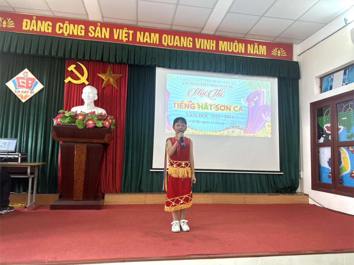 Nhằm động viên, khích lệ và xây dựng phong trào văn nghệ, các môn năng khiếu của học sinh, đồng thời chọn ra hạt nhân mũi nhọn thực sự có niềm đam mê ca hát và tố chất, năng khiếu tốt để bồi dưỡng tham gia các cuộc thi cấp Quận và Thành phố; chiều thứ ba - ngày 12/12/2023, trường Tiểu học Cát Bi tổ chức Hội thi Tiếng hát sơn ca cấp trường năm học 2023 - 2024 trong không khí sôi nổi, hân hoan của các em học sinh.
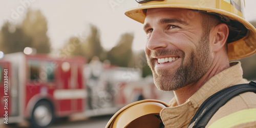 A smiling firefighter in uniform stands confidently, showcasing bravery and dedication. warm sunlight highlights his features, creating sense of pride and camaraderie
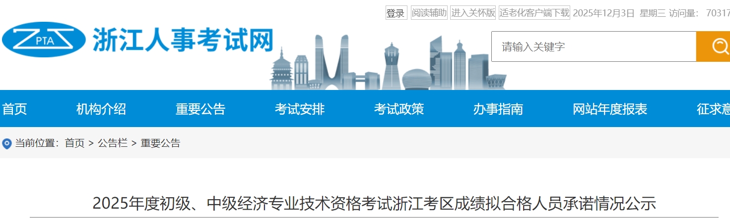 12月3日,浙江人事考试网发布了《浙江人事考试网2025年度初级、中级经济专业技术资格考试浙江考区成绩拟合格人员承诺情况公示》,从中得知,浙江2025年中级经济师考试合格人员名单公示期为12月3日-12月16日,名单在附件中,大家可下载查看!
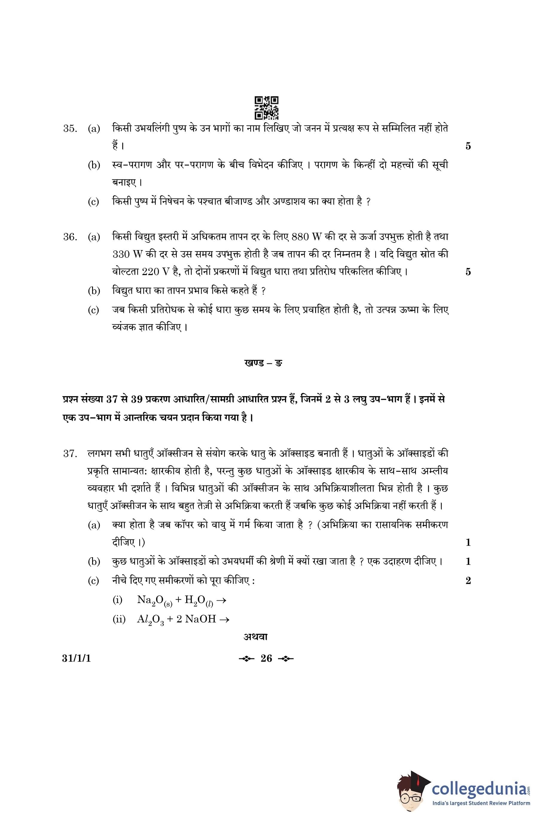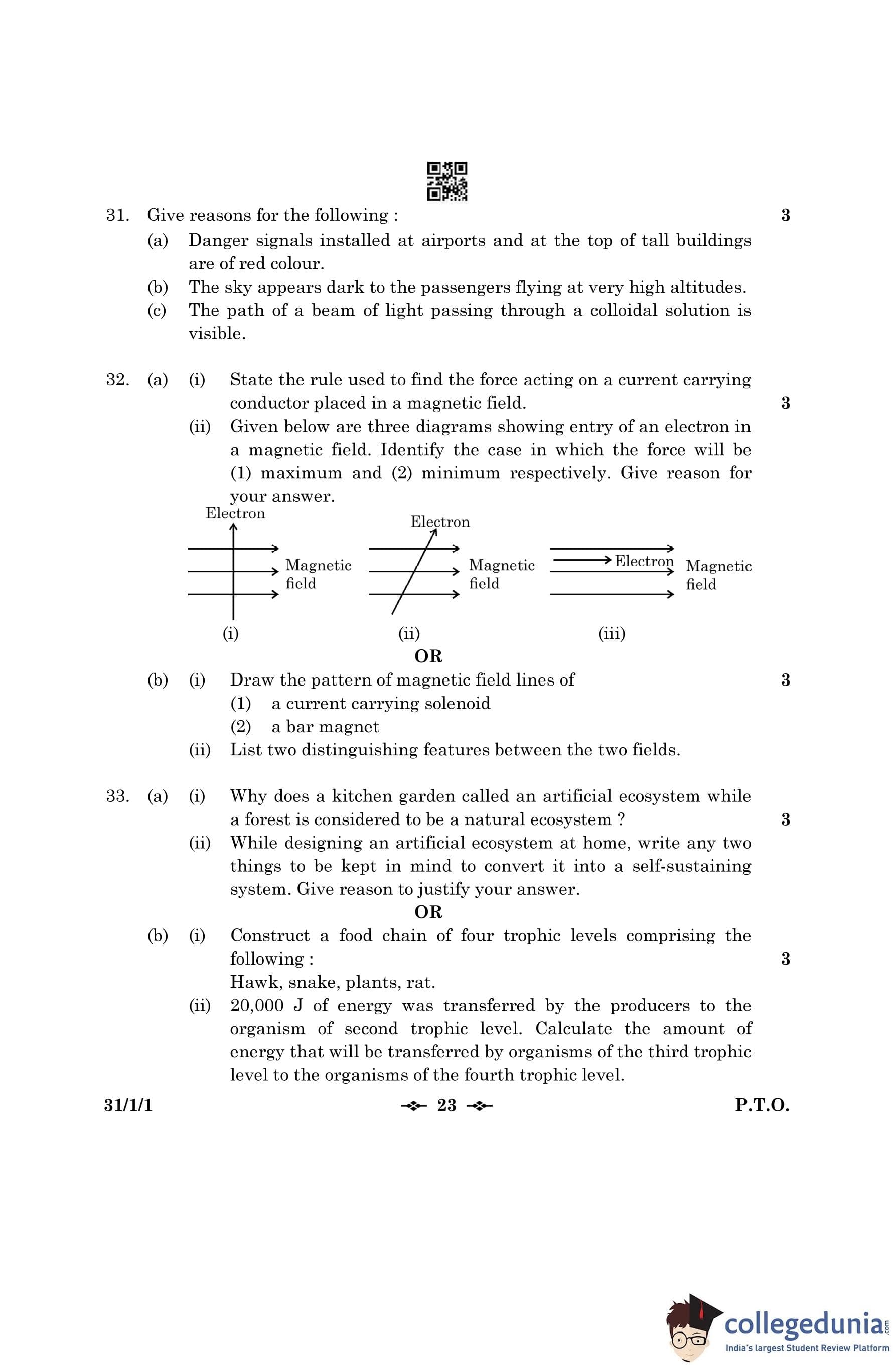 CBSE Class 10 Science Question Paper 2023 with Answer Key (Set 1- 31/1/1) is available for download here. The exam was conducted by the Central Board of Secondary Education on March 4, 2023 in the Morning Session 10:30 AM to 1:30 PM. The medium of paper was English & Hindi. According to initial student reaction, the CBSE Class 12 Science Paper was rated as Moderate in difficulty level. The question paper comprised a total of 39 questions divided among 5 sections.
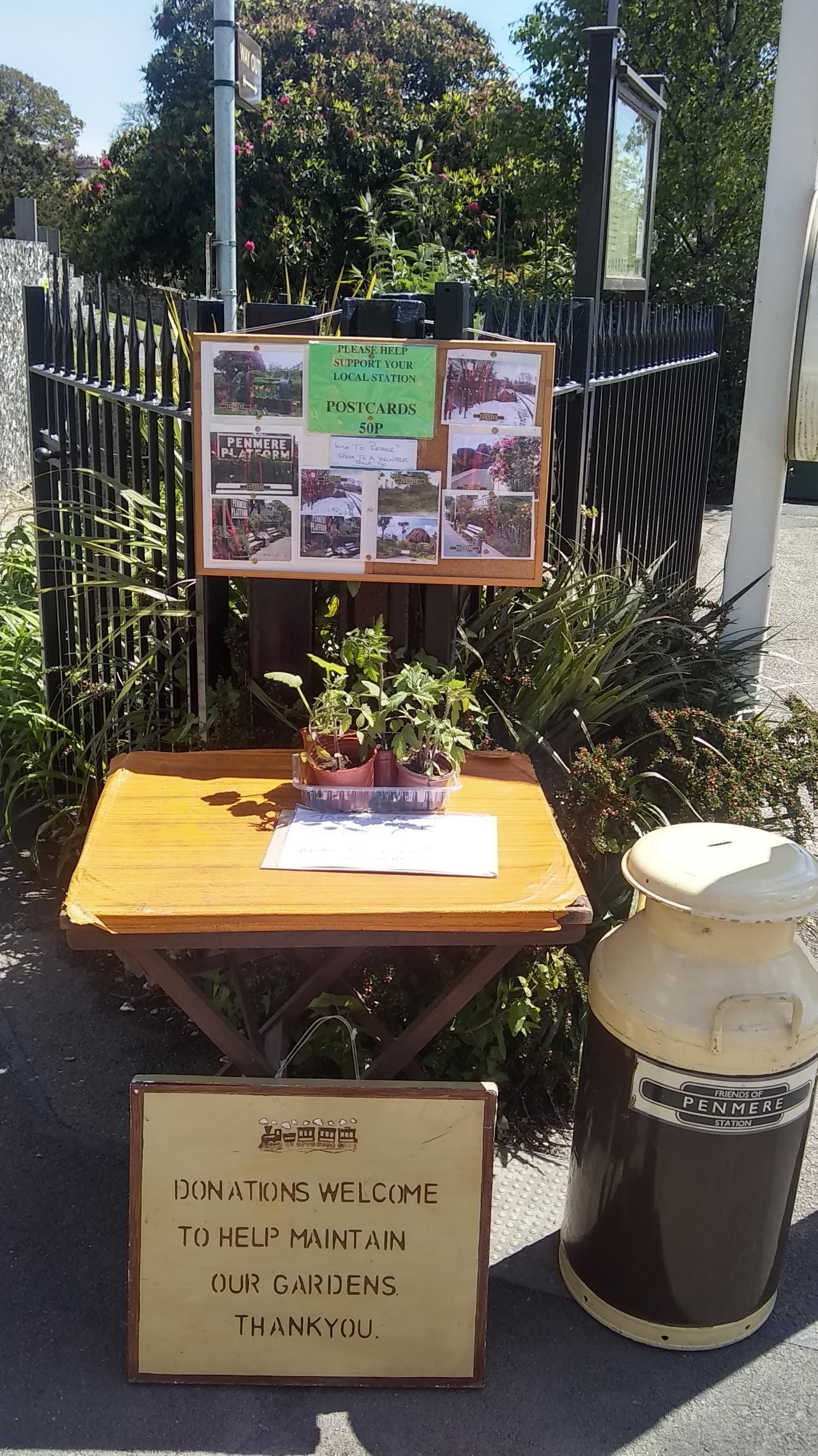 June 2021. Station postcards, plants and hopefully possibly donations in our GWR coloured churn!
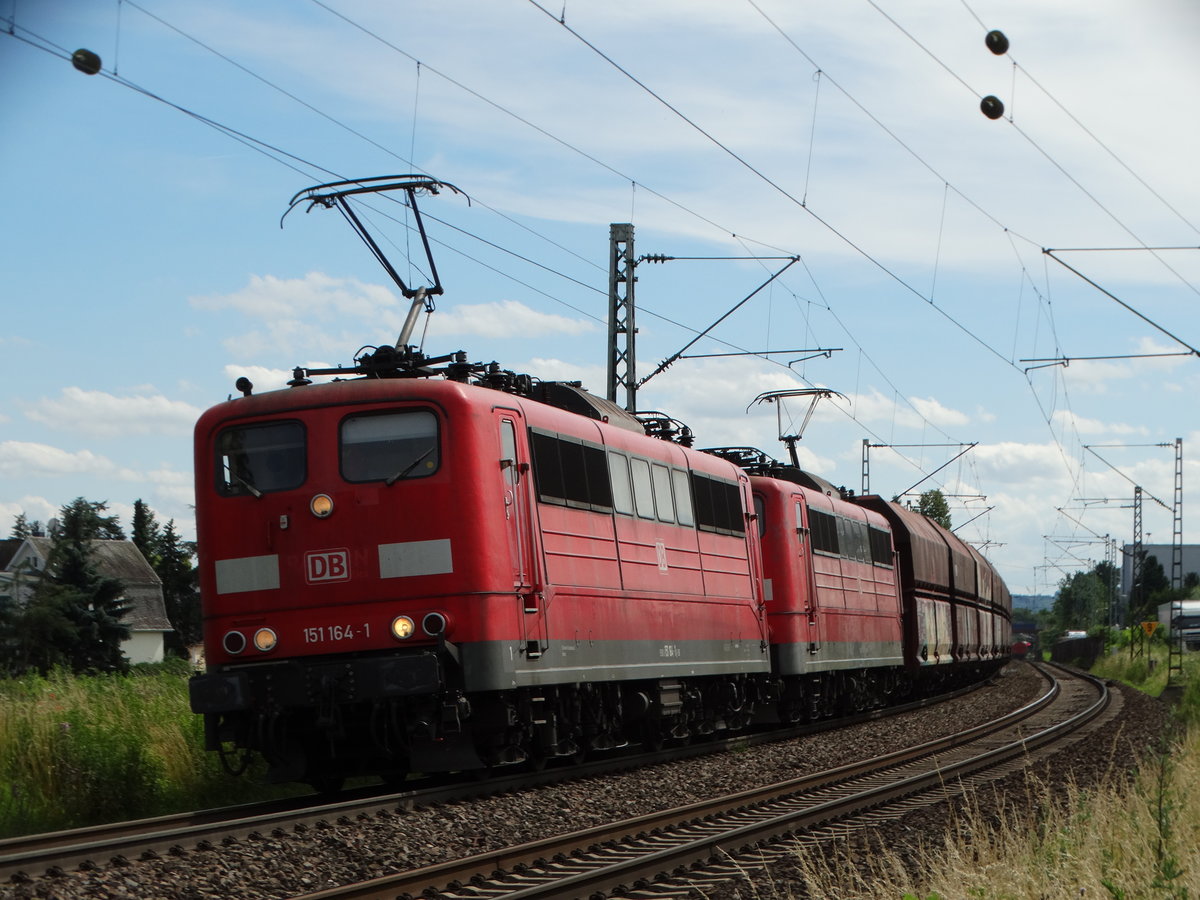 DB Cargo 151 164-1 und 151 xxx-x mit Kohlewagen am 29.06.16 bei Walluf
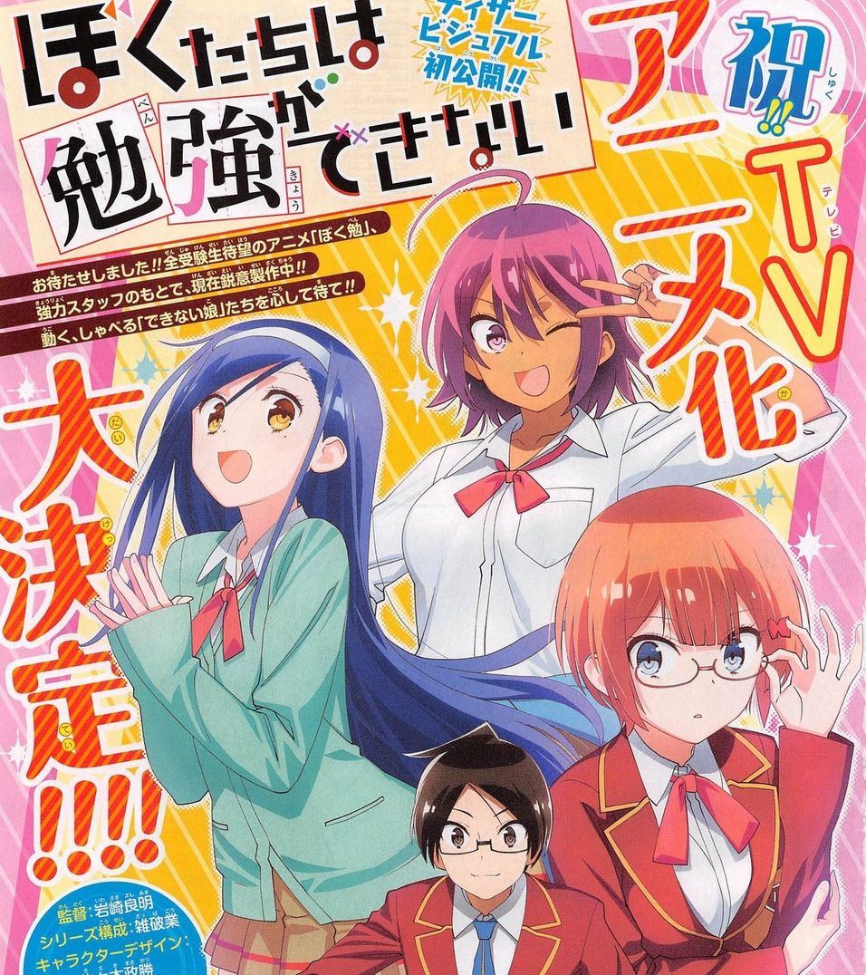 Anticipato nelle scorse settimane dall'avviso di un "importante annuncio" e dalla registrazione di un nuovo sito ufficiale e di un apposito account twitter, arriva ora dalle pagine di Shounen Jump l'avviso di un futuro adattamento anime per il manga Bokutachi wa Benkyou ga Dekinai di Taishi Tsutusui, attualmente in corso sulla stessa rivista di One Piece e Haikyuu!!.
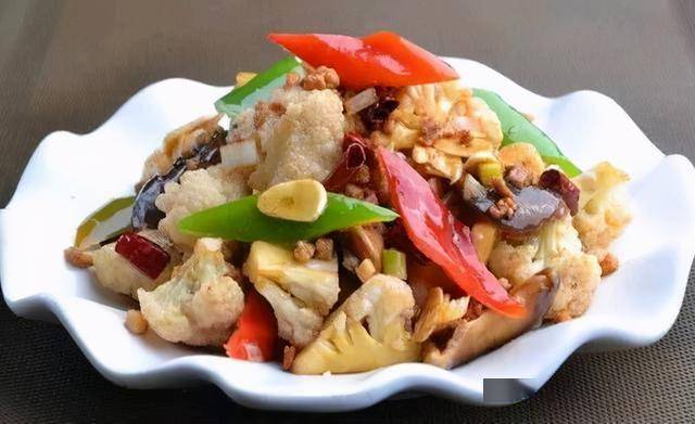 材料:花菜300克、肉末120克、甜面酱1.5调羹、生抽1调羹、料酒1调羹、醋1调羹、盐适量、糖适量、葱姜蒜适量、蒜苗2棵、干辣椒适量。
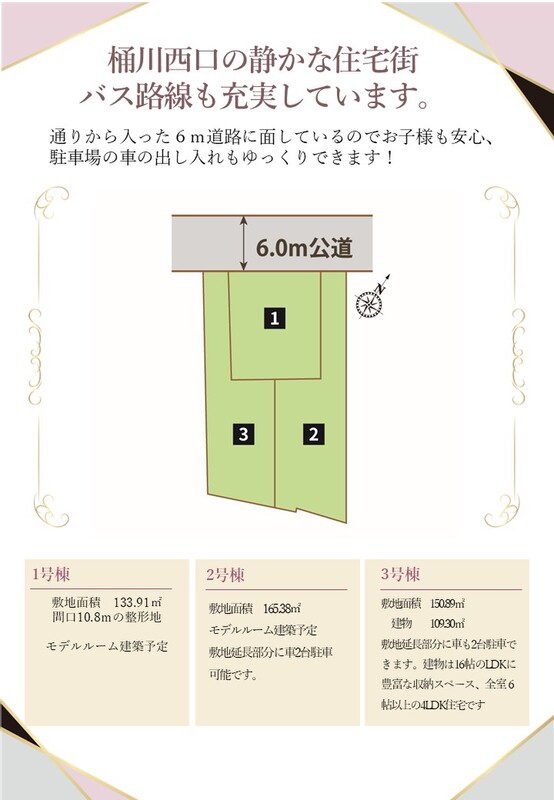 桶川駅から2160m(徒歩27分)、駅西口からは3路線のバスが使えるので便利です。前面道路も大通りから入った通りになるので車通りも少なくお子さんも安心です。

☆ ☆ ☆ ☆ ☆ ☆ ☆

**INSTRUCTIONS FOR THE TASK**.
Text only, please: give the listing again word for word with no images.

**TASK RESULT**.
 Nhằm động viên, khích lệ và xây dựng phong trào văn nghệ, các môn năng khiếu của học sinh, đồng thời chọn ra hạt nhân mũi nhọn thực sự có niềm đam mê ca hát và tố chất, năng khiếu tốt để bồi dưỡng tham gia các cuộc thi cấp Quận và Thành phố; chiều thứ ba - ngày 12/12/2023, trường Tiểu học Cát Bi tổ chức Hội thi Tiếng hát sơn ca cấp trường năm học 2023 - 2024 trong không khí sôi nổi, hân hoan của các em học sinh.
 A smiling firefighter in uniform stands confidently, showcasing bravery and dedication. warm sunlight highlights his features, creating sense of pride and camaraderie
 12月3日,浙江人事考试网发布了《浙江人事考试网2025年度初级、中级经济专业技术资格考试浙江考区成绩拟合格人员承诺情况公示》,从中得知,浙江2025年中级经济师考试合格人员名单公示期为12月3日-12月16日,名单在附件中,大家可下载查看!
 CBSE Class 10 Science Question Paper 2023 with Answer Key (Set 1- 31/1/1) is available for download here. The exam was conducted by the Central Board of Secondary Education on March 4, 2023 in the Morning Session 10:30 AM to 1:30 PM. The medium of paper was English & Hindi. According to initial student reaction, the CBSE Class 12 Science Paper was rated as Moderate in difficulty level. The question paper comprised a total of 39 questions divided among 5 sections.
 June 2021. Station postcards, plants and hopefully possibly donations in our GWR coloured churn!
 DB Cargo 151 164-1 und 151 xxx-x mit Kohlewagen am 29.06.16 bei Walluf
 Anticipato nelle scorse settimane dall'avviso di un "importante annuncio" e dalla registrazione di un nuovo sito ufficiale e di un apposito account twitter, arriva ora dalle pagine di Shounen Jump l'avviso di un futuro adattamento anime per il manga Bokutachi wa Benkyou ga Dekinai di Taishi Tsutusui, attualmente in corso sulla stessa rivista di One Piece e Haikyuu!!.
 材料:花菜300克、肉末120克、甜面酱1.5调羹、生抽1调羹、料酒1调羹、醋1调羹、盐适量、糖适量、葱姜蒜适量、蒜苗2棵、干辣椒适量。
 桶川駅から2160m(徒歩27分)、駅西口からは3路線のバスが使えるので便利です。前面道路も大通りから入った通りになるので車通りも少なくお子さんも安心です。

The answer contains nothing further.